- Type: Geologic formation
- Unit of: Los Angeles Basin
- Underlies: Pico Formation
- Overlies: Puente Formation

Location
- Region: Los Angeles Basin Los Angeles County, California
- Country: United States

= Repetto Formation =

Geological formation in Southern California, United States

The Repetto Formation is a Pliocene epoch sedimentary unit in the greater Los Angeles Basin composed primarily of sandstone and conglomerate.

Some literature considers the Repetto Formation and the adjacent, younger Pico Formation to be a single formation called the Fernando Formation.

==Geology==
The unit records deposition of a submarine fan environment at lower bathyal depths, and is recognized as a productive petroleum reservoir.

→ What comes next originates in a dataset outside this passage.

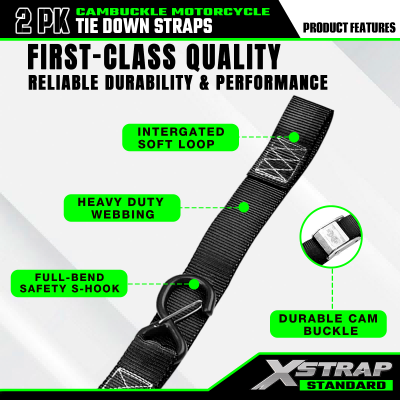 - Design padrão para serviços pesados: as tiras de amarração para motocicletas Xstrap são construídas com correias de alta resistência e têm uma resistência à ruptura de 2.200 libras, tornando-as a melhor escolha para proteger motocicletas, ATVs, UTVs e bicicletas sujas. Quando você usa nossas tiras com fivela de came para uma viagem rápida, as tiras de amarração Xstrap garantem durabilidade e segurança incomparáveis.

The formation underlies the Pico Formation, both of the Neogene period. It overlies the Miocene-aged Puente Formation.

===Classification===
The Repetto Formation is equivalent in age to the Fernando Formation; some researchers consider it (as well as the overlying Pico Formation) to be a junior synonym based on benthic foraminifera stages. Other researchers maintain that the Repetto and Pico Formations are distinct stratigraphic units, and that the use of the name "Fernando Formation" should be stopped due to several issues with stratigraphic correlation and access to the type section.